Why the General Election matters to your charity


You – and the charity you work for – need to get involved in politics, and do so right now.

For many years now in the UK, the political wind has been blowing to the right, and the ideas and policies that have followed from this (such as massive cuts in social services budgets) have proved disastrous for some of the most vulnerable people in society – including the poor and sick.

These developments represent a threat to the values which most of the charity sector holds dear – not simply progressive liberal trouble makers (which we at ChangeStar are proud to be labelled).

The snap General Election called this week for 8th June 2017 gives us a chance to challenge and reverse some of these threats. The result of the election may seem a foregone conclusion from the state of recent opinion polls, but such polls have proved completely inaccurate in predicting some of the extraordinary political events of recent years.

So, there is hope. And in any case, as members of the charitable sector we have a duty to get involved in politics, as charities are some of the most important and powerful political institutions in the country. They represent people who are disadvantaged, communities in need, environments that are being destroyed, people who are being neglected – and the reason all these needs exist is usually due to some inadequacy of the political system or its policies – from economic inequality through to insufficient environmental legislation.

So, charities ARE political, and they need to take a stand in political matters – both when these affect our own charity’s particular cause and also when they are broader issues of principle, or just getting involved in the movement for a fairer, kinder, more sustainable world.

We also need to remember that failing to take a political stand or adopt a position at this election is a choice in itself. It’s actively choosing to accept the status quo, and giving the green light to further budget cuts, dismantling of the services we hold dear and damage to our beneficiaries as charities. So, doing nothing as an organisation or an individual is an overtly political act in itself – and a highly negative one.

This article is therefore a call to everyone working in the not-for-profit sector to get involved in this election and encourage people – from your charity’s supporters to the general public – to campaign and vote for a better future. To vote for parties that will stop the ideological dismantling of the state in favour of market forces, the stripping away of health, education and other budgets in the name of austerity and the hostility towards anything that seeks to challenge the primacy of the market, such as charities themselves.

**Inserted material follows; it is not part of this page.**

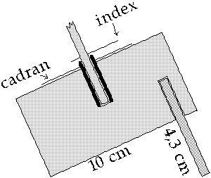-On peut fixer sur la face A un bristol sur lequel on notera la position de l'extrêmité de l'ombre du gnomon toutes les heures. On retrouve les mêmes relevés que ceux que l'on aurait pu faire auparavant avec le vrai Soleil.

And by ‘everyone working in the not-for-profit sector’ we mean absolutely everyone – not just the experts in your policy departments or campaign teams. We all need to start seeing the big picture politically and doing something to improve it, as part of our roles.

We are in a fight for survival – of our values, of our sector and of the beneficiaries we work tirelessly to help – whether it is families living in poverty, people with disabilities, refugees or endangered wildlife around the world.

Now is the time for people in the charity sector to get involved in politics and do everything we can to influence the result of this election in a positive way.